A rich stream having the parameters of point 61 and point 71
Are mixed together with the parameters
A working fluid having two parameters is obtained. The working fluid having the parameters of point 62 then enters heater 412, where it is heated by an external heat source to obtain the parameters of point 30. This often corresponds to the state of superheated steam.

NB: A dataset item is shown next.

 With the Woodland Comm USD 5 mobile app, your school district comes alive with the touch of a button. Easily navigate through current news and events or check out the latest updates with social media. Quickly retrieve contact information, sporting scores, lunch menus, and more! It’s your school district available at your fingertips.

A working stream having the parameters of point 30 enters the high pressure turbine 418 and expands to produce mechanical power, which is converted to electrical power. In an intermediate stage of high pressure turbine 416, a portion of the initially expanded stream is extracted to form an expanded stream having the parameters of point. This point 3
An expanding stream having a parameter of 4 is mixed with a lean stream having a parameter of point 44 (described above). As a result of this mixing,
An "intermediate flow" having the parameters of point 65 results. The other portion of the expanding flow continues its expansion through the second stage 420 of the high pressure turbine 416 with the parameters at point 35 and exits from this high pressure stage 416 with the parameters at point 36.

As can be seen from the above description, the composition of the intermediate stream having the parameter at point 71 is the same as the composition of the intermediate stream having the parameter at point 65. Also point 7
Working fluid with parameters at point 62 resulting from mixing of a stream with parameters 1 and 61 (described above)
Is also identical to the composition of the expanding stream having the parameter at point 34.

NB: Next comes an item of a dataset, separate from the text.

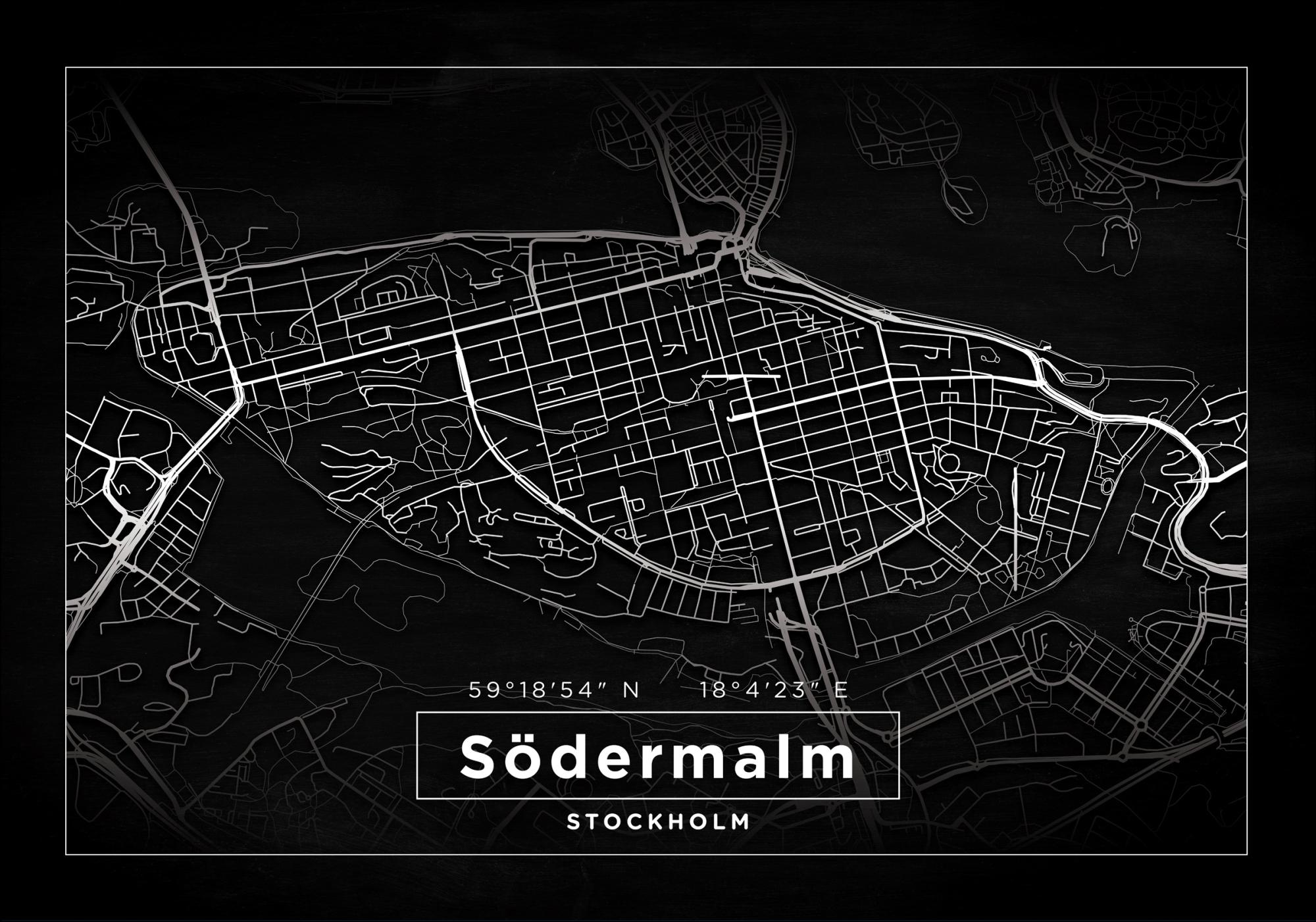 Kart - Södermalm - Svart Plakat

The result of the above mixing is as follows.
First, a lean stream having the parameters of point 44 is added to the expanded stream of working composition having the parameters of point 34. This mixture is then combined with a concentrated stream having the parameters of point 61 (described above). Dilute flow (point 44) and dense flow (point 61)
Is exactly the working composition (ie, the composition of the spent stream of 38), and thus the composition of the working stream having the parameters of point 62 (from the mixing of the streams having the respective compositions of points 34, 44 and 61) (Composed composition) is equal to the composition of the spent stream at point 38. The working stream (point 62) thus regenerated from the lean stream and the rich stream is preheated by the heat of the expanded stream mixed therewith, and when the regenerated working stream is heated in the heater 412, Produces efficient heat transfer.

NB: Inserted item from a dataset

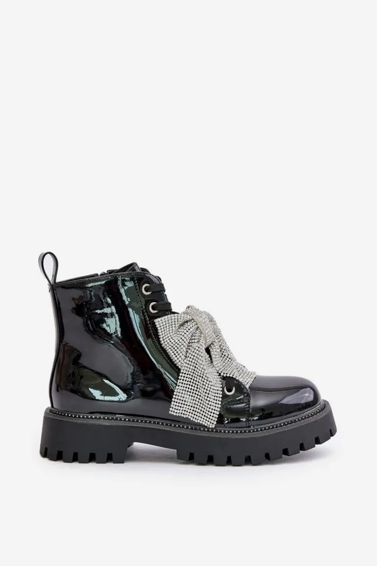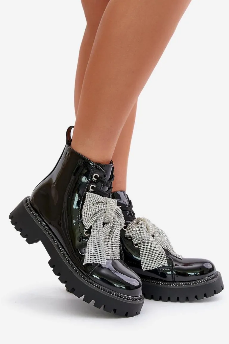 Botki na płaskim obcasie łączą w sobie wygodę i styl, idealnie wpisując się w codzienne i wyjątkowe stylizacje. Zaokrąglone noski nadają im klasyczny wygląd. Zapięcie na zamek ułatwia szybkie zakładanie, a dodatkowe sznurowanie pozwala na idealne dopasowanie do stopy. Główną zaletą tego modelu jest kokarda z cyrkoniami umieszczona z przodu, która dodaje eleganckiego i kobiecego akcentu, przyciągając wzrok i podkreślając wyjątkowość tego obuwia. Przy wyborze rozmiaru prosimy sugerować się tabelą rozmiarów.

Exiting the high pressure turbine 416, the expanded stream having the parameters at point 36 (described above) is passed through a reheater 414,
Then, it is heated by the external heat source to obtain the parameter at the point 37. Thereafter, the expanded flow at point 37 passes through a low pressure turbine 422 where it is expanded to produce mechanical force, resulting in point 38
Is obtained (described above).

The cycle closes.

The operating parameters of the system of the present invention shown in Table 1 correspond to the conditions of the composition of low grade fuels such as municipal waste, biomass and the like. Table 2 shows a list of the performances of this system.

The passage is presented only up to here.